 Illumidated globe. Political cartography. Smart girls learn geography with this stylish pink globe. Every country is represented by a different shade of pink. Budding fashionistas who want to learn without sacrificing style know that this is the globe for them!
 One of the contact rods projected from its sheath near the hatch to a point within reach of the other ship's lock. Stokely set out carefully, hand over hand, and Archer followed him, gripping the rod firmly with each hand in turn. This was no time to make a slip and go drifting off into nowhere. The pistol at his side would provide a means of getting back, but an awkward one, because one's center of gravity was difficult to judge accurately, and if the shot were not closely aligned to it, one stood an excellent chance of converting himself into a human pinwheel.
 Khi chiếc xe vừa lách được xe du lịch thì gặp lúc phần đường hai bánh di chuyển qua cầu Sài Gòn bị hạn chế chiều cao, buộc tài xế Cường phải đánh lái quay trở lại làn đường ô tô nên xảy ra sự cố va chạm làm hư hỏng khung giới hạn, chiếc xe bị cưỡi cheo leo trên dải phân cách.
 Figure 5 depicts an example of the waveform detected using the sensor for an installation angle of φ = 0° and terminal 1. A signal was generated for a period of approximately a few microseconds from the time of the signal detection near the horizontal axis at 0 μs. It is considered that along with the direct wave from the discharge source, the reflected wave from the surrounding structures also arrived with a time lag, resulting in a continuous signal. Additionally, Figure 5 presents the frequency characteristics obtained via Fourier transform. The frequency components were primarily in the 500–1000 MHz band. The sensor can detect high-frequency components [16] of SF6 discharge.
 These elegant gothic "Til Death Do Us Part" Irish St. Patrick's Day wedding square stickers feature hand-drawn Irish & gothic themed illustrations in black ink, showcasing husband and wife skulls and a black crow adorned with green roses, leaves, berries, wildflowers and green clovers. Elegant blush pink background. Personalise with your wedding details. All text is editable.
⁂
**Your instructions:**
In the listing above, show every line with the word "hand".

**Problem solution:**
 One of the contact rods projected from its sheath near the hatch to a point within reach of the other ship's lock. Stokely set out carefully, hand over hand, and Archer followed him, gripping the rod firmly with each hand in turn. This was no time to make a slip and go drifting off into nowhere. The pistol at his side would provide a means of getting back, but an awkward one, because one's center of gravity was difficult to judge accurately, and if the shot were not closely aligned to it, one stood an excellent chance of converting himself into a human pinwheel.
 These elegant gothic "Til Death Do Us Part" Irish St. Patrick's Day wedding square stickers feature hand-drawn Irish & gothic themed illustrations in black ink, showcasing husband and wife skulls and a black crow adorned with green roses, leaves, berries, wildflowers and green clovers. Elegant blush pink background. Personalise with your wedding details. All text is editable.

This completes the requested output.